Daniel smiled. “I’ve met him a couple of times, but I can’t say we’re best buddies. My office is actually next door, and my view is a parking lot. Less glamorous than you’d think.”
“But you’re a scientist, right? You work for the president’s science advisor, and before that you worked for the Navy? Sorry, I googled you a few minutes before I came in.”
Daniel shifted in his chair. “That’s right, the Office of Naval Research. Now I conduct special investigations for the president’s science advisor, generally to keep scientific programs in line with their objectives. And you are a particle physicist. Have you been at Fermilab long?”
“Nice switch,” she said with a slight nod. “You are supposed to be grilling me.”
“Not how I would put it, Nala. But, yes, I have some questions for you about the work you do here.”
She stiffened slightly in her chair. “I’ve been here for three years, working on various neutrino test bench systems and oscillation control software. Before that I was on contract to Argonne to develop a prototype for an advanced neutrino detector. And before that I was a grad student at U of Chicago, working on my thesis, ‘Temporal Density Variations in a Normalized Higgs Field.’ I’m a US citizen, I have a TS/SCI security clearance, and I live in Aurora, Illinois. I’m Haitian-French, and I always vote Democrat. Anything else you need to know?”
She exuded attitude, and Daniel had to suppress a smile.
“I have no doubt you salute the flag outside the building each morning. But righ
t now, I’m less concerned about security and more interested in the project work. I’ll be direct, too, and we’ll get along just fine.”
Having earlier acquiesced to the continual offers of refreshments, Daniel took a sip of water. “Nala, I’ve seen what you do here. The results are nothing short of mind-blowing. But my question is about capability.” He leaned forward and looked at her squarely in the eyes. “Are you aware of any capacity to affect the position of an object that is outside of the testing room? Specifically, an object that might be hundreds of kilometers away, even an object in orbit around the Earth?”
Nala sat nearly motionless except for the hard squint in her eyes. “Who are you again?”
It was the most interesting response of the day. “Dr. Daniel Rice, from the Office of Science and Technology Policy.”

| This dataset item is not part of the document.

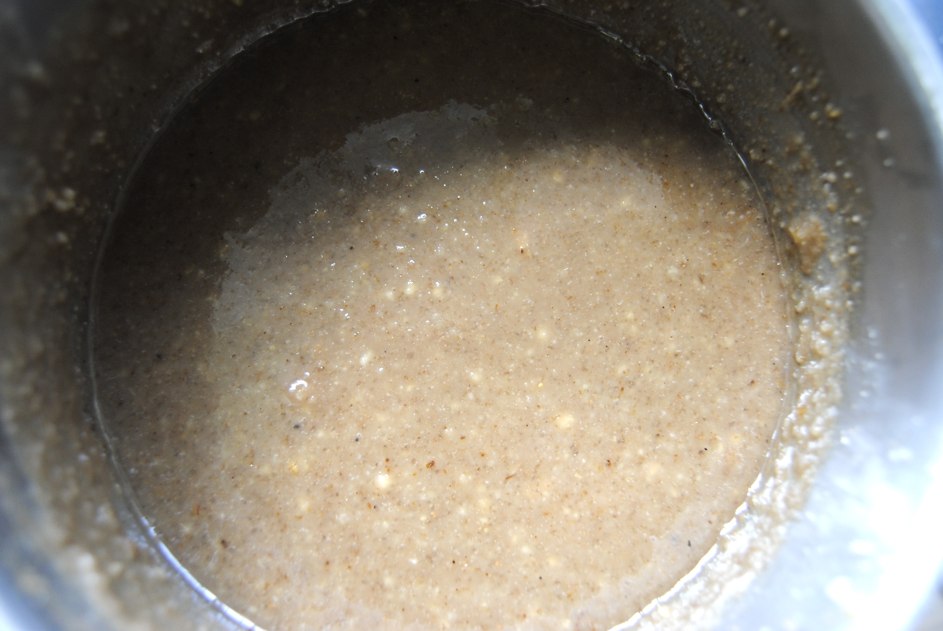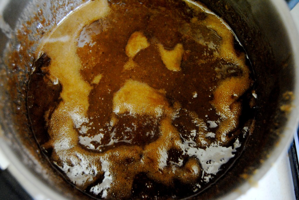 Once the walnut oil has emerged, add a about 1/4 cup water and give the mixture a stir. Don’t be frightened when it turns into a thin yellowish liquid. It will thicken back up and darken in minutes. Also, this is a good moment to stick your finger in and taste it. If it’s too sour, add a little more sugar, and if it’s too sweet, then add a little more pomegranate syrup.

“Not from the FBI or CIA or military police or anything like that?”
“No, I’m a scientist asking a question about the science that is being conducted here.”
She waited a few seconds. “No, sir. Nothing like that can be done here. We don’t have that capability.”

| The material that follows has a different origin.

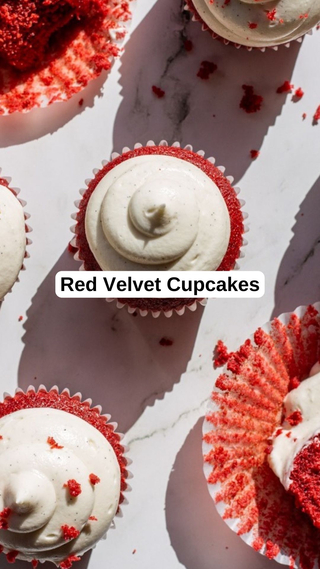 These red velvet cupcakes are a family favorite, using the same cake base our mom has been baking for over 30 years. The buttermilk cake has a hint of cocoa and the classic red color thanks to a bit of food dye. They’re topped with a creamy vanilla bean cream cheese frosting.

Daniel waited patiently. “That’s all?”
Nala just nodded.
He pushed on, wondering where the conversation might go. “Okay, I appreciate your honesty, Nala. Could you tell me about Stetler Corporation?”
She looked down and played with her bracelet as she talked. “Like what? The company story? It’s pretty boring.”
“No, like what kind of an employer are they? What kind of leadership? Their relationship with the Fermilab government scientists, that kind of thing.”
“Well, Stetler is like any contractor. They pay better than an equivalent government job, and they provide better office space. But there are drawbacks too.”
“Like?”
“Well, for one, you end up with two bosses, the company and the client. The client asks for something and management tells you to do something else. You’re stuck in the middle. Stuff like that.”
“Give me an example. Anything recent?”
“Yeah, happens all the time. You deal with classified information, right?”
“A little, mostly in my past with the Navy. There aren’t too many scientific programs that are classified. This one is a rarity.”